TASK DETAILS:
Write the data out again exactly, with every picture removed.

(DATASET CONTENT Opens)

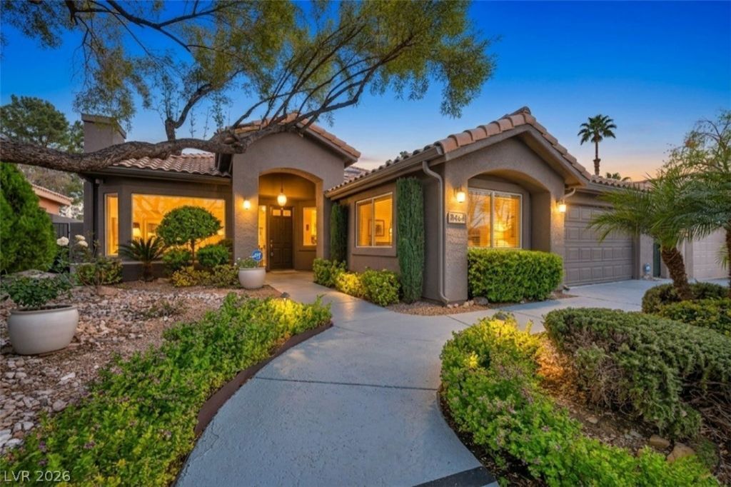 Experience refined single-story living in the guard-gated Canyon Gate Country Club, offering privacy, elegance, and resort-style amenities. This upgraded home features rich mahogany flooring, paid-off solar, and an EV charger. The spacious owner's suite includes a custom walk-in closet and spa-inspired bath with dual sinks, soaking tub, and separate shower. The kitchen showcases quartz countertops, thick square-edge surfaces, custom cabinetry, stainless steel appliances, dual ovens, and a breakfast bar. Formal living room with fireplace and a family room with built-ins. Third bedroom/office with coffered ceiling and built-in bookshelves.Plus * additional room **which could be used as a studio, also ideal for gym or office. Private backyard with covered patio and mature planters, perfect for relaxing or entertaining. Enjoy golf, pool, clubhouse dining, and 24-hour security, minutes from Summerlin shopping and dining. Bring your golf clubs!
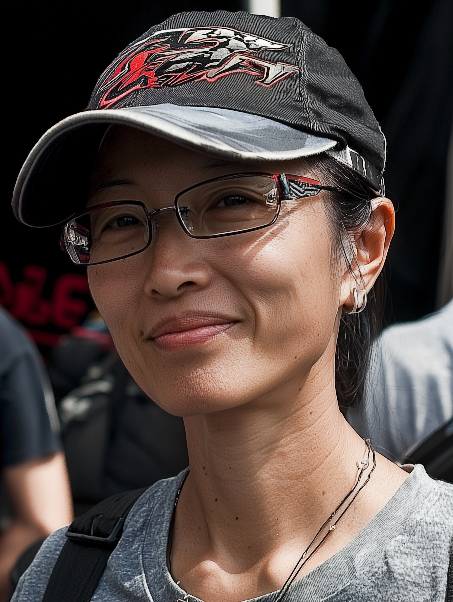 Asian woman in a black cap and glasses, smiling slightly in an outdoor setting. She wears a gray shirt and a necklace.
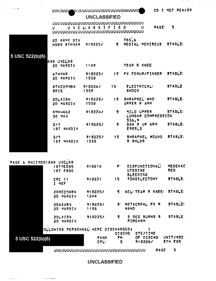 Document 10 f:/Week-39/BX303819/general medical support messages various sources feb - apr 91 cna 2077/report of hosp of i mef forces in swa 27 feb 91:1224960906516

(DATASET CONTENT Closes)

RESULT OF THE EXERCISE:
 Experience refined single-story living in the guard-gated Canyon Gate Country Club, offering privacy, elegance, and resort-style amenities. This upgraded home features rich mahogany flooring, paid-off solar, and an EV charger. The spacious owner's suite includes a custom walk-in closet and spa-inspired bath with dual sinks, soaking tub, and separate shower. The kitchen showcases quartz countertops, thick square-edge surfaces, custom cabinetry, stainless steel appliances, dual ovens, and a breakfast bar. Formal living room with fireplace and a family room with built-ins. Third bedroom/office with coffered ceiling and built-in bookshelves.Plus * additional room **which could be used as a studio, also ideal for gym or office. Private backyard with covered patio and mature planters, perfect for relaxing or entertaining. Enjoy golf, pool, clubhouse dining, and 24-hour security, minutes from Summerlin shopping and dining. Bring your golf clubs!
 Asian woman in a black cap and glasses, smiling slightly in an outdoor setting. She wears a gray shirt and a necklace.
 Document 10 f:/Week-39/BX303819/general medical support messages various sources feb - apr 91 cna 2077/report of hosp of i mef forces in swa 27 feb 91:1224960906516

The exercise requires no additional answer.